The thing to realize is that the file on disk contains just the series of magnetic orientations (or whatever) representing an on or off state represented by the sequence we wrote out above. When we read the file, we read the individual bytes, either one at a time or in groups; the API used will typically allow us to specify how many bytes we want to read in a given operation. We do not read individual bits, and the individual bytes we read are just numeric values between 0 and 255. Therre is no “reading of ones and zeroes” or “reading the file as hexadecimal”. We simply get back numeric values and it’s up to us to interpret them.

However, you will note that when I showed the value of UInt64.MaxValue divided by seven, I wrote it out thusly: 2,635,249,153,387,078,656.

That decimal representation of the number, complete with commas to make it easier to digest, is the textual representation of the number using ASCII characters. Let’s write this textual representation to disk:

"2,635,249,153,387,078,656" | Set-Content -Path test4.bin -Encoding Ascii -NoNewLine

Now let’s examine the contents:

Format-Hex .\test4.bin

           Path: C:\temp\test4.bin

           00 01 02 03 04 05 06 07 08 09 0A 0B 0C 0D 0E 0F

00000000   32 2C 36 33 35 2C 32 34 39 2C 31 35 33 2C 33 38  2,635,249,153,38
00000010   37 2C 30 37 38 2C 36 35 36                       7,078,656	

If we count them up, we can see this textual representation consumes 25 bytes on disk, over three times as many as our binary representation.

In addition, if we wanted to read the above file in and get the value stored back as a numeric quantity, we have to write some program or call some existing routine to take the textual representation of the value and convert it to the numeric representation.
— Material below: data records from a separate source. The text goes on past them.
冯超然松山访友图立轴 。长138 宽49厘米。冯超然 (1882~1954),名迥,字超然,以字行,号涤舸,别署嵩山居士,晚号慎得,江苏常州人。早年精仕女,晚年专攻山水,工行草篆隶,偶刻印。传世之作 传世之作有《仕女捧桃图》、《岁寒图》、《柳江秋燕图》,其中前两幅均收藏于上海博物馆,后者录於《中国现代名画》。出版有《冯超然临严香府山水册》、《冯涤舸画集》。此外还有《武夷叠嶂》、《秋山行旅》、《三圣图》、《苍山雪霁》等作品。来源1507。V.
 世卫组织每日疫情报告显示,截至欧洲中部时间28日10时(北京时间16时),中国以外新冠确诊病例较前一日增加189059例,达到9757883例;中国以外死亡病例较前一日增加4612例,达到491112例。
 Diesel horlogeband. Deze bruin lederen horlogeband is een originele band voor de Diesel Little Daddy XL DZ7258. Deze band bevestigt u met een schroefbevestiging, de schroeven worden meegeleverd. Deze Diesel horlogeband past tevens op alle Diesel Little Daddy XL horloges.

As an aside, “Implement atoi”, where atoi is the C programming language function for doing the text-to-number conversion for 32-bit integer values, used to be an immensely popular interview question at Microsoft. It seems less used these days, possibly because so many interview candidates don’t know C any longer. It’s a useful programming exercise, even in higher-level languages. You might want to give it a try!

For the file where we stored the value as the 8 raw bytes that actually make up the numeric value, there is no conversion needed at all! We already have the actual bytes, we can just read them into memory and treat them as the actual 64-bit word that we started with.
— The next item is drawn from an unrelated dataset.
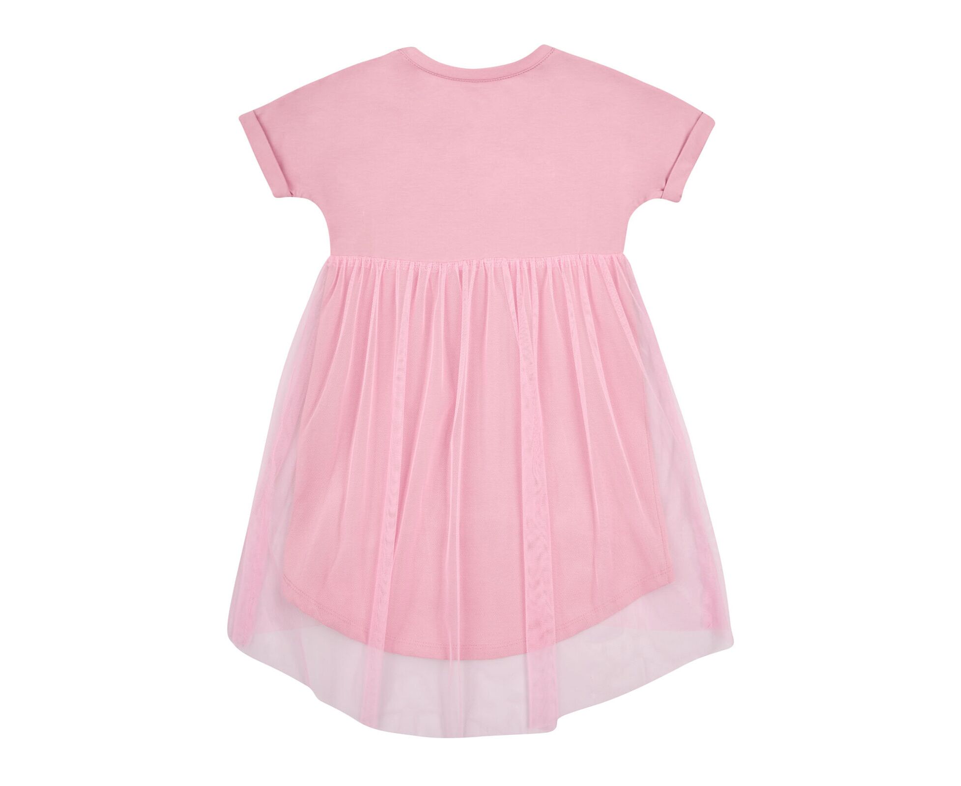 Сукня з рожевого стрейч-куліру (97%бавовна 3%еластан) з додатковою пришивною спідницею з єврофатину контрасного кольору. Ліф сукні з цільнокроєним рукавом, з відворотами по низу рукава, з пришивною планкою по круглому вирізу горловини. На переді ліфа стильний друк.

Note: I am ignoring endianness conversion issues, which in the real world you would want to account for if your code runs on multiple platforms. If you aren’t familiar with big endian and little endian, I highly recommend reading the original article in which the term was borrowed from Gulliver’s Travels to apply to computing. It is both interesting and entertaining.
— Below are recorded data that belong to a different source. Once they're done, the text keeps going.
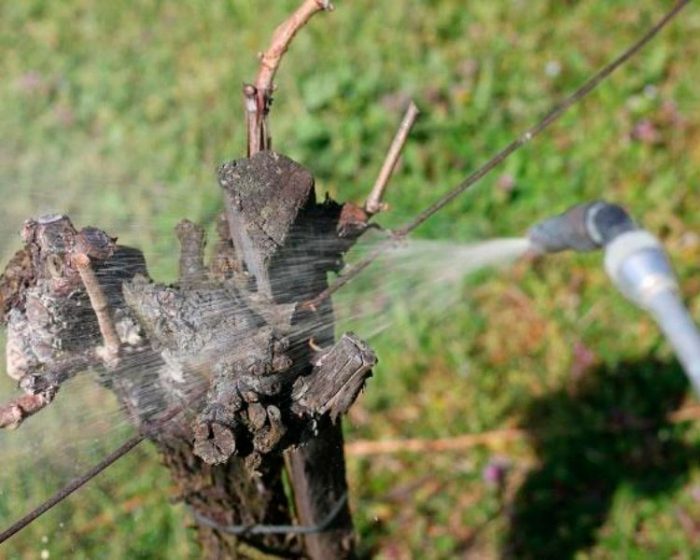 po zakończeniu zbiorów wymagane jest profilaktyczne traktowanie wszystkich krzewów winogron. Pomoże to chronić je zarówno przed różnymi chorobami, jak i szkodnikami. Ponieważ wszystkie jagody są już zebrane, do opryskiwania kultury można użyć specjalnych silnych pestycydów. Z reguły krzaki są spryskiwane tuż przed ich schronieniem na zimę. Po przycięciu łodygi są wiązane, a następnie poddawane obróbce roztworem siarczanu żelaza (5-7%), do jego przygotowania w 1 litrze wody dodaje się od 50 do 70 g produktu. Lek ten pomaga chronić roślinę przed wieloma chorobami i szkodnikami, ale jest całkowicie nieszkodliwy dla oidium i roztoczy, w tym przypadku zaleca się stosowanie siarki koloidalnej lub Tiovitu. Rovicurt pomoże pozbyć się pęczków liści, a do zwalczania cercosporozy zaleca się stosowanie Polichomu lub Fundazolu.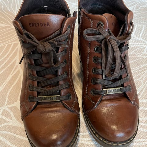 Veldig pene sko i nydelig brunt skinn fra Greyder. Fremstår som ubrukte. Størrelse 37. Kan hentes i Oslo eller sendes. Kjøper betaler porto.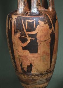 En bryllupsvase, en såkaldt loutrophor med tre hanke, med scener fra bryllupsceremonien. En række kvinder følger de nygifte fra brudens hjem til brudgommens, hvor de skal bo. Af Sabouroff-maleren.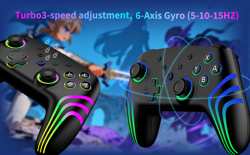 - 【Dual Vibration and Adjustable Turbo】 Equipped with two vibration motors, the controller for Nintendo Switch supports three precise vibration settings (none, low, and high) for excellent vibration feedback. The Turbo function offers automatic and manual modes with three adjustable speeds (5, 10, and 15 Hz), optimized for shooters, so you can easily win.

Anyway, thinking only in terms of the textual representation of numbers is where many of the interview candidates I see get lost: they assume all files are text files, because they have rarely been asked to work with data that is not text! The entire concept of working directly with the bytes that comprise numeric values like integers or floating point quantities seems to have hardly occured to them. This is why they want to know if the files are in hexadecimal or binary or whatnot; as we have seen, if we are storing the raw byte values instead of text, that question really doesn’t make any sense. It’s all just bytes, values between 0 and 255, in a sequence.

In conclusion

If you’re one of the people who has struggled to understand how to read and write data that isn’t ‘text’, I hope this post has shown that there is really nothing mysterious about dealing with the actual binary data. I highly recommend finding a hex viewer you like and using it to explore the data you are working with; as I’ve shown, PowerShell can make a nice tool for investigating this area of programming.